## Cost Function

Notation
- r(i,j) = 1 if user j has rater movie i (0 if they have not yet rated)
- $y^{(i,j)}$ = rating fiven by user j on movie i (if defined)
- $w^{(j)}$, $b^{(j)}$ = parameters for user j
- $x^{(i)}$ = feature vector for movie i
- $m^{(j)}$ = number of movies rated by user j

For user j and movie i, predicted rating =  $w^{(j)}$ ⋅ $x^{(i)}$ + $b^{(j)}$

**Cost Function** 
$$\frac{1}{2} \sum_{i:r(i,j) = 1} (w^{(j)} ⋅ x^{(i)} + b^{(j)} - y^{(i,j)}) + \frac{λ}{2} \sum_{k=1}^n (w_k^{(j)})^2 $$
- sum cost function for all users

**Collaborative Filtering**
$$\frac{1}{2} \sum_{i:r(i,j) = 1} (w^{(j)} ⋅ x^{(i)} + b^{(j)} - y^{(i,j)}) + \frac{λ}{2} \sum_{i=1}^{n_u} \sum_{k=1}^n (w_k^{(j)})^2 \frac{λ}{2} + \sum_{i=1}^{n_m} \sum_{k=1}^n (w_k^{(j)})^2$$

- cost function now a function of w, b, and x rather than just w and b
- through gradient descent, update all values


**Binary Labels**
- rather than predicting y through a linear funciton, use logistic function
 $$ \sum_{(i,j):r(i,j) = 1} L(f_{(w,b,x)}, y^{(i,j)}) $$
 where 
$$L(f_{(w,b,x)}, y^{(i,j)}) = -y^{(i,j)}log(f_{(w,b,x)}(x)) - (1-y^{(i,j)})log(1-f_{(w,b,x)}(x))$$
 $$ f_{(w,b,x)}(x) = g(w^{(j)} ⋅ x^{(i)} + b^{(j)}) $$

**Mean Normalizaiton**
- when there is a new user that hasnt provided any ratings, normaize the rows of the current rating matrix to be zero
 $$ w^{(j)} ⋅ x^{(i)} + b^{(j)} + μ_{1} $$



**Gradient Descent Implementation of Collaborative Filtering**

In [1]:
import tensorflow as tf

w = tf.Variable(3.0) # tf variables are the parameters we want to optimize
x = 1.0
y = 1.0 # target value
alpha = 0.01

iterations = 30
for iter in range(iterations):

    # use TensorFlow's Gradient tape to record the steps used to compute tje cost J, to enable auto differentiaion
    with tf.GradientTape() as tape:
        fwb = w*x
        costJ = (fwb - y)**2
    
    # Use the gradient tape to calculate the gradients of the cost with respect to the parameter w
    [dJdw] = tape.gradient(costJ, [w])

    # Run one step of gradient descent by updating the value of w to reduce the cost
    w.assign_add(-alpha * dJdw)

**Adam Optimizer Implementation of Collaborative Filtering**

In [None]:
import keras

# instance of optimizer
optimizer = keras.optimizers.Adam(learning_rate = 1e-1)

iterations = 200
for iter in range(iterations):
    # use TensorFlow's GradientTape to record operatiomns used to compute the cost

    with tf.GradientTape() as tape:

        # compute cost (forward pass is included in cost)
        cost_value = coifCostFuncV(X, W, b, Ynorm, R, num_users, num_movies, lambda)
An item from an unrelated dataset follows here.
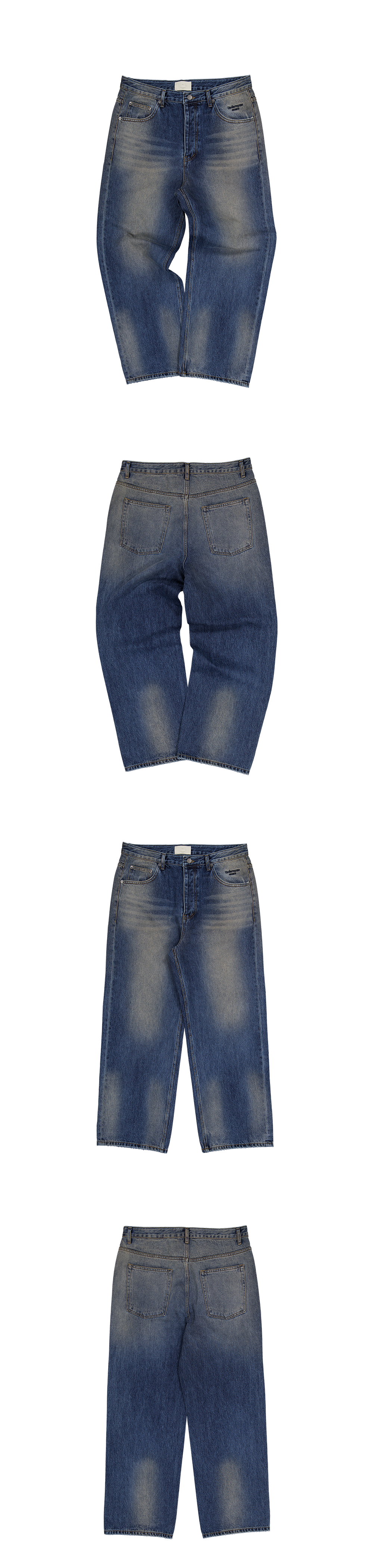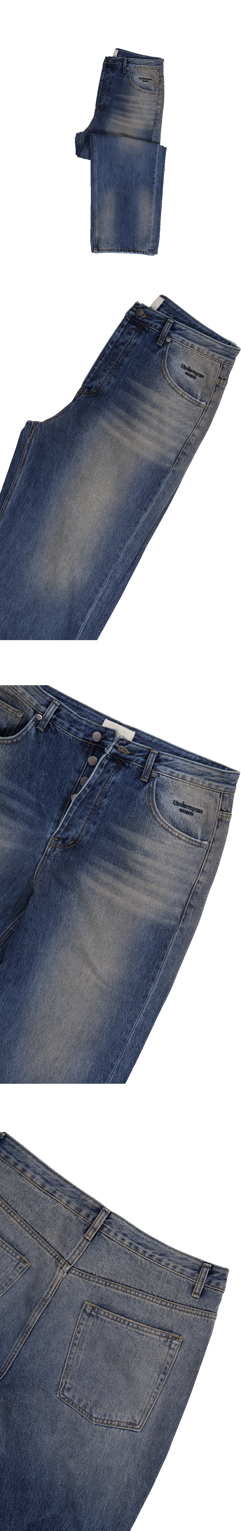 언더마이카 무.174 클래식 로고 브러쉬 워시드 배기 진 워시드 블루

        # use the fradient tape to automatically retrieve the gradients of the trainable variables with respect to the loss
        grads = tape.gradient(cost_value, [X, W, b])

        # Run one step of gradient descent by updating the value of the variables to minimize the loss
        optimizer.apply_gradients(zip(grads, [X, W, b]))